By Colin Kahl
As a result of Bob Woodward's new book, "The War Within", a narrative is emerging that paints President Bush as a valiant hero who stood up to his Generals and insisted on the surge. In doing so, Bush fans argue, the president's "extraordinary decision" snatched victory from the jaws of ignominious defeat. As my Center for a New American Security colleague Derek Chollet suggests, it is possible that Woodward is simply being spun by the White House.
But even if Woodward's account is right, Bush hardly comes off as a hero.
I have interviewed many of the same people Woodward did (as well as some he did not) for a book I'm writing on the evolution of counterinsurgency in Iraq, and the broad contours of Woodward's account seem correct. Those arguing for the surge inside the National Security Council (individuals like Meghan O'Sullivan, Brett McGurk, Peter Feaver, and Brigadier General Kevin Bergner) and outside the White House (like retired General Jack Keane, General David Petraeus, and Lieutenant General Ray Odierno, who arrived as the Corps commander in Iraq in early December 2006) were in the minority. Against them stood most of the Joint Chiefs, General George Casey (the commander of all U.S. forces in Iraq), General John Abizaid (the head of Central Command), and the State Department. Casey in particular comes off poorly for sticking with the plan to "transition" responsibility to the Iraqis while the country was on fire.
But Bush is no hero in this tale either. The real story must take into account the following facts:
- For three-and-a-half years Bush neglected the war, letting Generals Ricardo Sanchez (the first U.S. commander in Iraq) and Casey run the war with little "interference" from the White House, insufficient monitoring to see if they were actually accomplishing their mission, and little accountability. We weren't winning in 2003. The president did nothing. We weren't winning in 2004. The president did nothing. We weren't winning in 2005. The president did nothing. For years, the decider made none of the necessary decisions to stop the war from sliding into failure.
- During the long, deadly summer of 2006, Bush dallied and refused to make a decision or level with the American people that the strategy was failing. For months after the February 2006 bombing of the Golden Mosque in Samarra plunged Iraq into chaos, Bush kept saying publicly that we were winning. We weren't and he knew it. (I was in Baghdad in July 2006 and it was painfully clear we were losing.) But for Bush to admit that we were losing, publicly, would have been political suicide given the upcoming Congressional elections.

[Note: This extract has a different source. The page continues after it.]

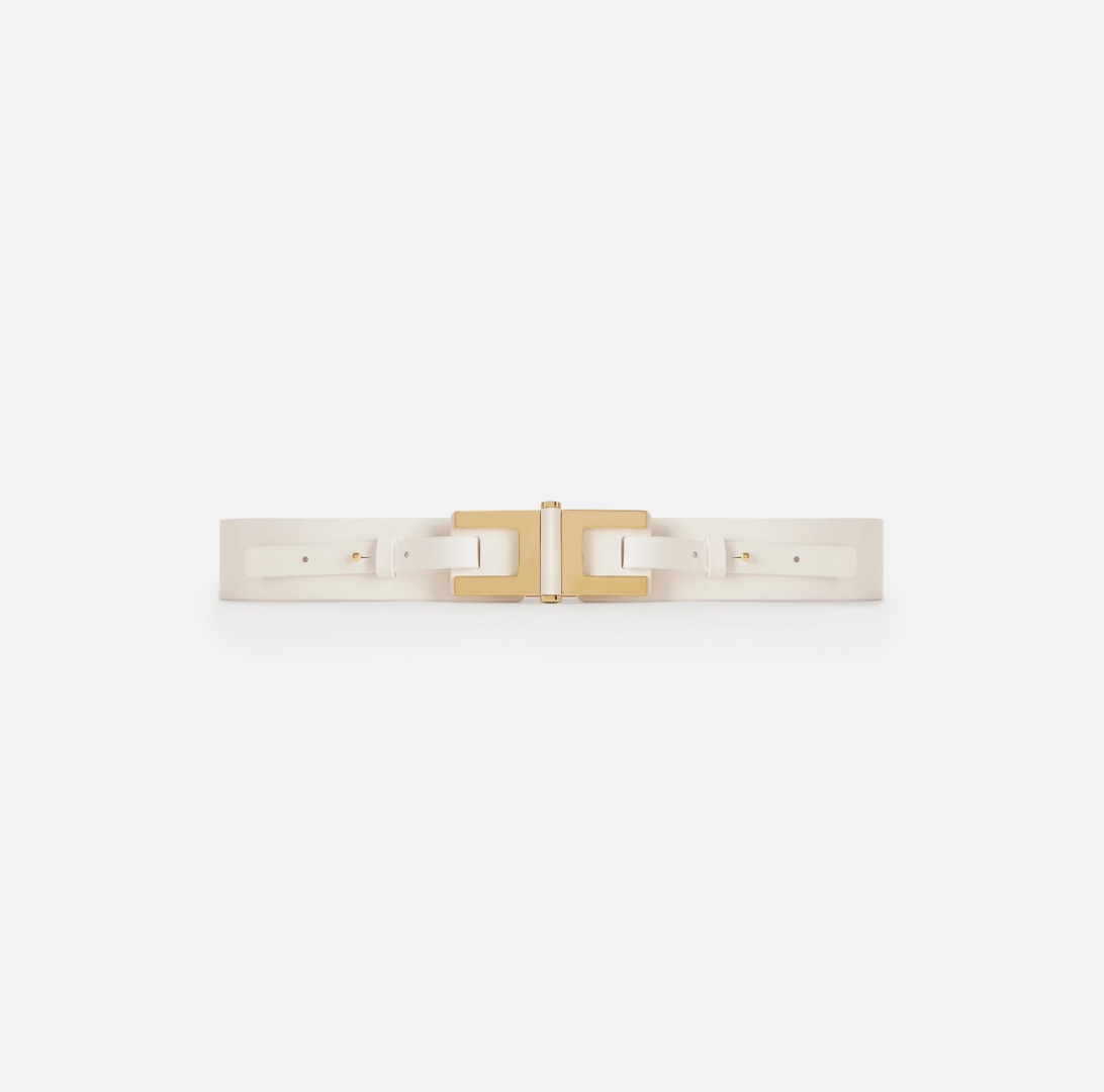 Elisabetta Franchi Cintura In Pelle Con Dettaglio Logo Avorio Ct50S61E2 172222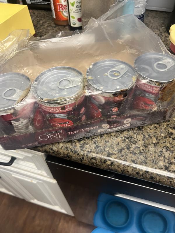 - DealPurina ONE SmartBlend True Instinct Tender Cuts in Gravy with Real Beef & Wild-Caught Salmon Canned Dog Food, 13-oz, case of 12$28.56 Chewy Price$29.76 List Price$27.13 Autoship PricePromo, Spend $100, Get $30 eGift Card with code NEWYEAR +1 deal

So the president stalled. He kept Defense Secretary Donald Rumsfeld in place and didn't change the strategy until January 2007. And the consequences of this presidential delay? Hundreds of dead Americans, tens of thousands of dead Iraqis, and hundreds of thousands of Iraqi citizens made homeless. Even if one believes the president made the right decision to order a surge, he didn't issue the order until January 2007, with the first surged troops arriving in February -- almost a full year after the Mosque bombing.
That's the real story, and it's hardly heroic.
And what of the decision itself? In the fall of 2006, reasonable and honorable people--including the Joint Chiefs of Staff, the bi-partisan Iraq Study Group, and many Democrats in Congress--could and did disagree about the desirability of the surge. Most intelligence analysts at the time thought Iraq's civil war was simply too far along to be decisively affected by a mere 20 percent increase in U.S. forces. Moreover, "doubling down" on Iraq through the surge carried huge risks and costs -- in terms of American blood and treasure in Iraq; enormous strains on the already overstretched Army and Marines; stripping our strategic military reserve, leaving us vulnerable if any other major contingency emerged around the globe; and continuing to starve Afghanistan (a war sliding downhill fast) of the troops and resources needed for success there.
Depending on whether recent security gains in Iraq actually translate into lasting political reconciliation and stability, historians may look back and conclude that Bush made the right choice in January 2007. But when they look back at the Iraq war as a whole, and Bush's role in particular, they are not likely to be kind. The surge decision was not cost-free, and it in no way absolves Bush (or other cheerleaders for the war) of the responsibility (and, yes, the blame) for all the mistakes before the choice was made.
At best, if the legacy of the surge is judged a "success," it will simply mean that the change in strategy helped address the self-inflicted wounds to our national interests -- the emergence of Al Qaeda in Iraq, enhanced Iranian influence in Iraq, threats to regional stability, and a heartbreaking humanitarian crisis -- all created by the war itself. On balance, historians are likely to conclude that those who opposed the war to begin with -- and saw that it wouldn't make us safer -- showed the best judgment of all.